C-reactive protein (CRP) is a blood protein that increases when inflammation is present. Inflammation is involved in the blockages in arteries that lead to cardiovascular disease, such as heart attacks and strokes. High CRP levels are associated with cardiovascular disease. However, just because CRP is associated with the risk for cardiovascular disease does not mean that CRP or inflammation causes cardiovascular disease or that treatments to reduce CRP levels will reduce cardiovascular disease.

Currently, doctors evaluate a patient's chances of developing cardiovascular disease by examining risk factors, such as cholesterol levels, diabetes, high blood pressure, smoking status, and age. Sometimes doctors use mathematical models to estimate the chance that a person will develop cardiovascular disease in the future. The Framingham risk model is a model that doctors commonly use. The model is useful, but not perfect. Some people who have no risk factors develop cardiovascular disease. Others who have multiple risk factors don't develop disease. Researchers wonder whether adding additional factors, such as CRP, to the Framingham model would improve the ability to estimate a person's chances of developing disease.

Why did the researchers do this particular study?

To compare cardiovascular risk predictions models that do and do not include CRP.

Who was studied?

15,048 women age 45 years and older who were free of cardiovascular disease, cancer, and diabetes at the start of the study.

How was the study done?

At the start of the study, the researchers collected information on cardiovascular risk factors, such as age, blood pressure, smoking status, and diabetes. They also collected blood samples to measure cholesterol and CRP levels. During follow-up, the researchers collected information about health outcomes, including cardiovascular disease. The researchers then compared the ability of models that did and did not include CRP to predict patients' chances of developing cardiovascular disease over the next 10 years.

What did the researchers find?

Age, smoking, and blood pressure were the most powerful predictors of cardiovascular disease. Adding CRP to the models improved the accuracy of estimates of who would develop disease. The improvement was mostly among women who had at least a 5% (5 in 100) chance of developing heart disease over the next 10 years. Among this group, adding CRP to the model improved prediction for 20% (20 in 100) of study women.
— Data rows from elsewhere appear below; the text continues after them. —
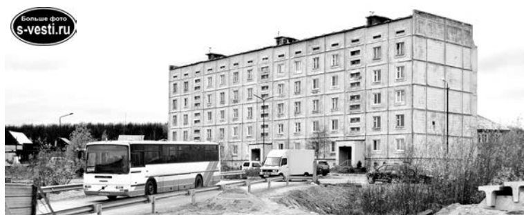
Весь транспорт до весны 2018г. будет ходить по территории дома №15 по ул.Гер.Североморцев.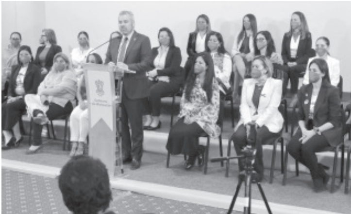
El gobernador Alfredo Ramírez Bedolla confió en que se apruebe, en el Congreso del Estado, la reforma al Código Penal de Michoacán con el que se agravan las penas por delito de feminicidio.

Morelia, Michoacán, 28 de septiembre del 2022.- El gobernador Alfredo Ramírez Bedolla confió en que este jueves se apruebe, en el Congreso del Estado, la reforma al Código Penal de Michoacán con el que se agravan las penas por delito de feminicidio.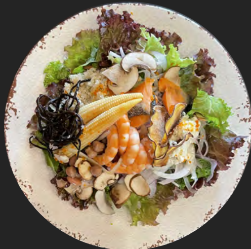
銀鮭と海老のサラダミール ...¥1,600

What were the limitations of the study?

This study included only women who were generally at low risk for cardiovascular disease. The results might not apply to men.

What are the implications of the study?

This study will inform discussions about the value of incorporating CRP levels into methods of evaluating the risk for cardiovascular disease. However, we do not yet know whether treatments to lower CRP levels reduce cardiovascular disease.